It’s been a while since I’ve had one of these … but it feels the way it always does … heavy, annoying, attention-grabbing, yucky.

It’s one of those days when everyone that I speak to tells me that I need to let go of the past. It’s one of those times when people are surprisingly intuitive where I’m concerned and are really concerned that I get out of the funk.

That happens because people can’t properly deal with me in this mood. They expect ‘Happy Deemay’, ‘Bubbly Deemay’, ‘Always willing to help Deemay’. It’s off putting when the person who normally picks up the pieces needs to have her pieces picked up. OH MY GOODNESS!!! WHAT THE HELL ARE WE GONNA DO??! YOU MEAN TO TELL ME THE HEALER NEEDS HEALING???!

Yes, she does. She needs to be held and comforted and talked to and soothed. She needs to hear that someone is there for her, and not just to offer her lip service and platitudes.
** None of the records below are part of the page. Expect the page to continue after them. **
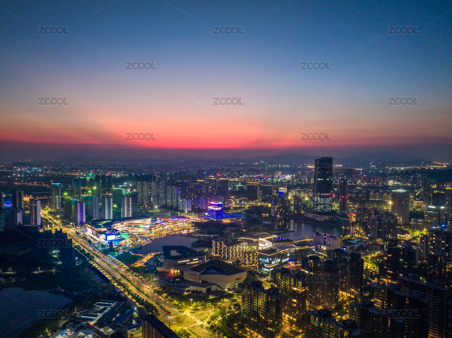 杭州滨江区萧山区城市建筑夜景风光航拍
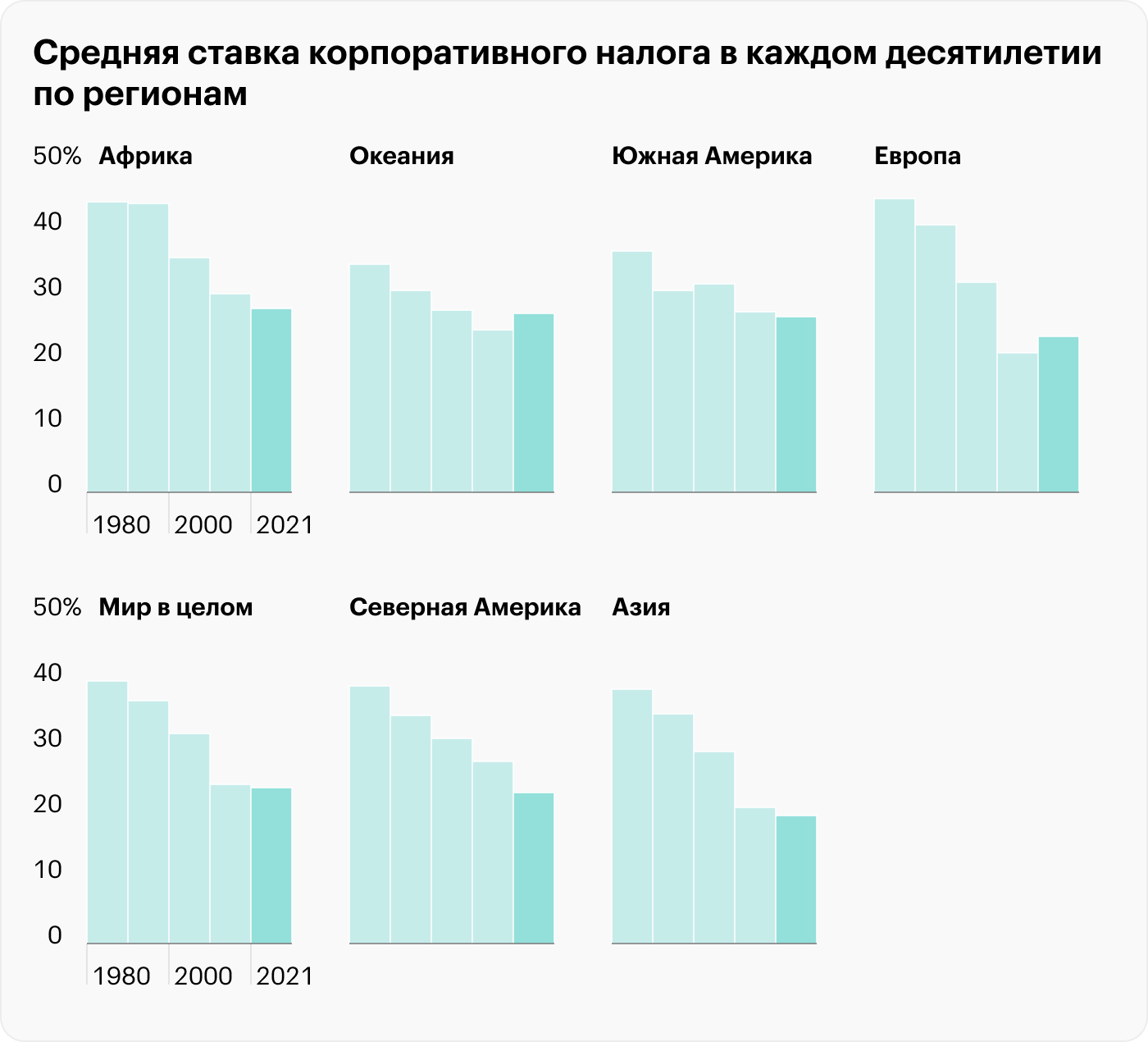 Корпоративные налоги остаются высокими. Ставка корпоративного налога во всех регионах планеты последние 40 лет снижается, но в самых развитых капиталистических экономиках мира — Западной Европе и США — налоги на прибыль корпораций все же остаются выше среднего
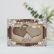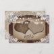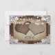 Románticas cartas RSVP caseras rústicas con opciones gastronómicas inspiradas en madera rústica, arpillera y encaje. Personaliza fácilmente estas vintage cartas rústicas de respuesta de bodas con corazones burlap en una torrente angustiada y fondo rústico de madera adornado con luces de cuerda y encaje blanco. Fondo de arpillera perturbado decorado con encaje floral blanco en la parte posterior.

She needs genuine concern and feeling. Basically … she needs love … agape … filial. She needs her troupes to gather themselves together and be available for her. She needs for them to know this intrinsically and not have to be told.

Where’s the Ben & Jerry’s What-A-Cluster or the bottle of Manischewitz Blackberry that would soothe her savaged soul and ravaged feathers? Where is the phone call that lets her know that someone out there … anywhere is in tune with what ails her, even though she’s still tryng to figure out precisely which one of her situations has brought on the feeling of fucked up blue funk that she is currently waddling through…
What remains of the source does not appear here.